Foto: Karsten Winegeart/Unsplash.

Em julho, conduzi um experimento: participei do maior número de redes sociais possível pelo Manual do Usuário.

Planejava fazer uma análise bem objetiva, pautada por dados e estatísticas, ao final desse mês imerso em uma parte da internet que não costumo frequentar.

Ao longo do experimento, porém, notei que os números não importavam tanto.
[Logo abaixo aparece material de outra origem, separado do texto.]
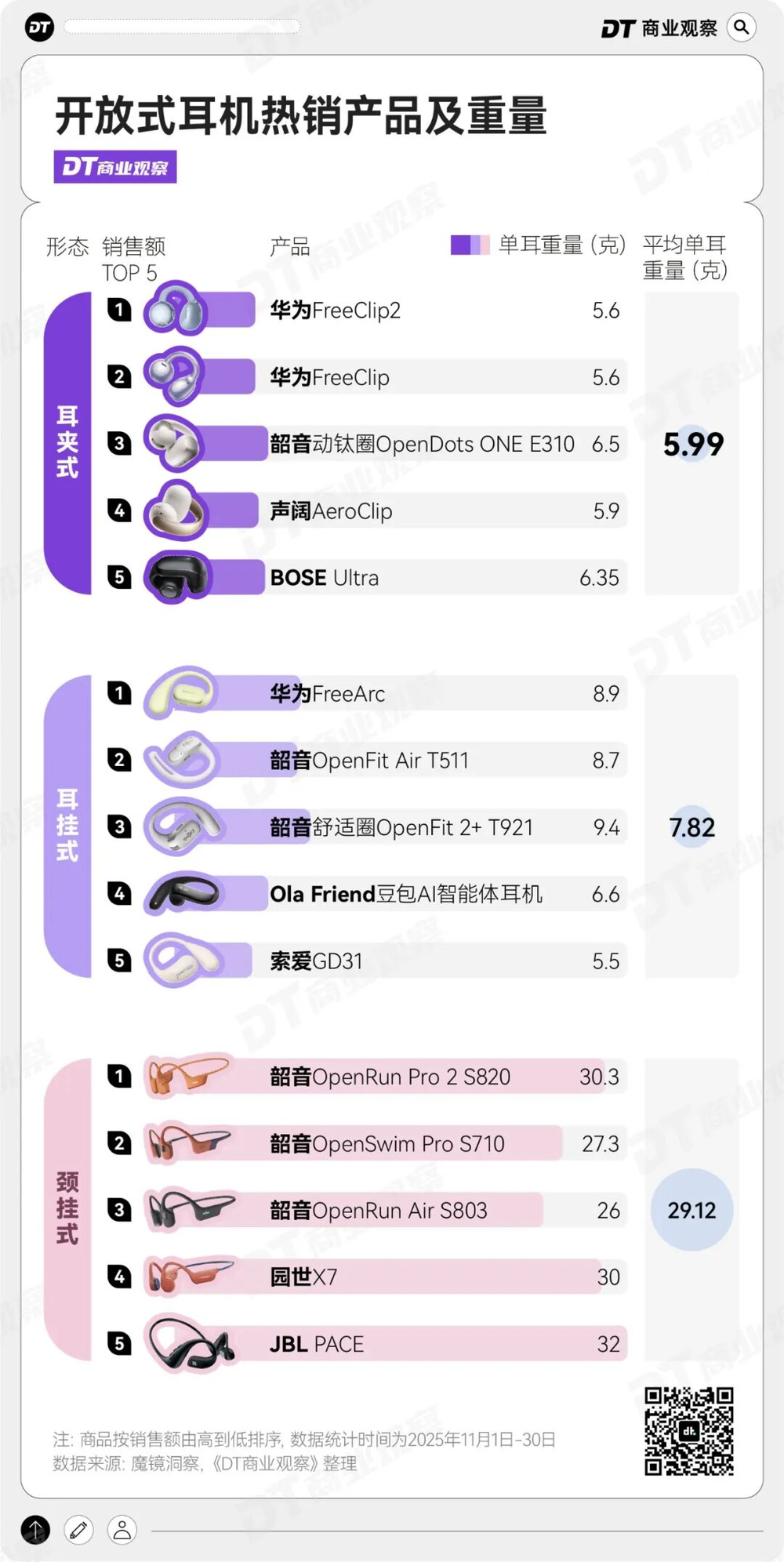 对比开放式耳机热销产品,耳夹式耳机单耳重量约6克,约等于一张A4纸的重量,将存在感降至最低,耳挂式耳机平均重量在7-8克,而颈挂式耳机更重,大约为30克。

Afinal, ao produzir, é meio óbvio que os números subiriam. (O Twitter, digo, X, fugiu a essa lógica; nada mais me surpreende vindo de lá.) E, números por números, não seriam eles que me motivariam a continuar ou desistir de estar presente aqui ou acolá.

Mais do que alcançar milhares de pessoas, o que me levou a romper o modo tradicional de fazer o Manual era a suspeita de que, ao abdicar de estar em redes “onde todo mundo está”, eu nos privava — eu e pessoas que desconhecem o site — de trocarmos ideias.
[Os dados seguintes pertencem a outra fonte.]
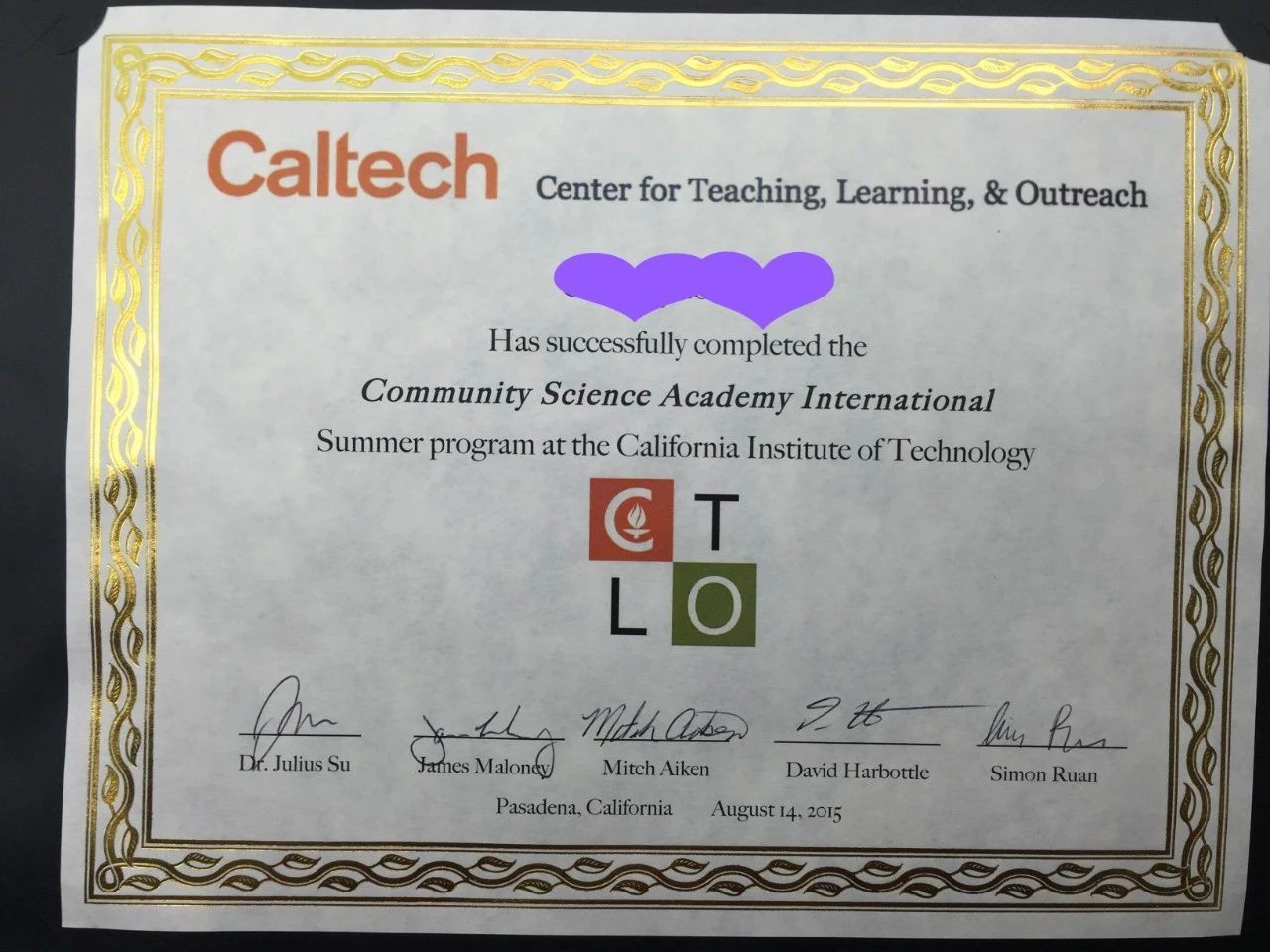 ● 每天7小時,在美國帕薩迪納市加州理工學院上課;

Queria, pois, estabelecer contato. Números não me dizem se esse objetivo foi cumprido.

De qualquer forma, eles apareceram: ~50 mil visualizações no LinkedIn, ~9 mil de “alcance” no Facebook e Instagram, 5,4 mil “espectadores individuais” no TikTok.

Será que quem me viu nessas redes se lembra de mim? Ou notou que era o Manual do Usuário por trás daquele vídeo, story ou post?
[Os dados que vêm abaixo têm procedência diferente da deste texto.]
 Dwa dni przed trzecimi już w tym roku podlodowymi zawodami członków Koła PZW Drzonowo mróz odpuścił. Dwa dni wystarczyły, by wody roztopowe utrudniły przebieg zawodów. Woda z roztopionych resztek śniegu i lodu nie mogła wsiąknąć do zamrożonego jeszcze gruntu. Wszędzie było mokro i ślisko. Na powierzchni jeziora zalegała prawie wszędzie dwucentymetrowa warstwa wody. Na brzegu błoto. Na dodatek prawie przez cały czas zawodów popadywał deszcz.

Desconfio que não. E tudo bem, é assim que as coisas funcionam na internet, até mesmo nesta newsletter, que só metade dos inscritos costuma ler, e com o site, onde 80% de todas as visitas vem do Google — gente que entra, acha o que procurava (ou não) e sai para nunca mais voltar.

(Um parêntese: em momento algum meu objetivo foi levar gente das redes para o site do Manual. Desculpem-me, colegas jornalistas e de social media, mas essa estratégia cansou e, dada a má vontade das plataformas com links externos, está fadada ao fracasso.)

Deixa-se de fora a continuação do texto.